Without a thought, you know L.A's palette: the blue of Hockney, warmth of terra cotta, pink of stucco and fuchsia of bouganvillea. Or San Francisco's: white skyline, blue ocean, white fog, warm hills, dark cypress. But Seattle?
Only a designer would see the world this way.
January 6, 2010
Tags:
worth reading
Today I found a lovely thick, letterpressed holiday greeting card in the mail from Pentagram, which made me feel included and cozy and like they haven't forgotten me and a bunch of other things that an ex-New Yorker feels.
It says, "While we would all love to be atypical, we all fit a type."
And then urges me to discover mine at:
pentagram.com/seasonsgreetings09
password: character
The whole thing seems a bit slow until you get to the part where he holds out the little pad, and then it gets pretty cool.
Just so you know, I'm Plastica.
Which I can embrace. Though perhaps I was merely in a Plastica mood at the very moment I took the test, which concerns me. I'll need to repeat it when I'm feeling more outgoing.
And you?
January 1, 2010
Tags:
design criticism, graphic design
The Bill Hill article is out!
It's in the Communication Arts Advertising Annual 50, which packs a punch.

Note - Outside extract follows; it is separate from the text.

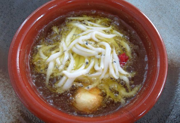 イシカワシラウオのアヒージョ(白魚のアヒージョ) ざっと水洗いして水分をよくきる。容器(陶器製のカスエラである必要はない)にニンニク・鷹の爪・オリーブオイル・シラウオを入れて火を通す。シラウオを食べるだけではなくうま味の出たオリーブオイルを楽しむものだ。朝ご飯に作るとパンに合う。クリックで閉じます![]()

Particularly a great article by Sagmeister on his year "off" in Bali.
Reminding me of my oft-repeated rant to students: smart designers write well.
Practice. Set yourself tasks.
Maybe we should have a "design write-off" essay-writing contest at Cornish. Students, professors and staff vie for large, attractive prize judged by panel of experts. How about deadline on April 15th? Seems appropriate.
(Write-off? Get it? Tax Day? Do I have to spell it out for you? Yeesh.)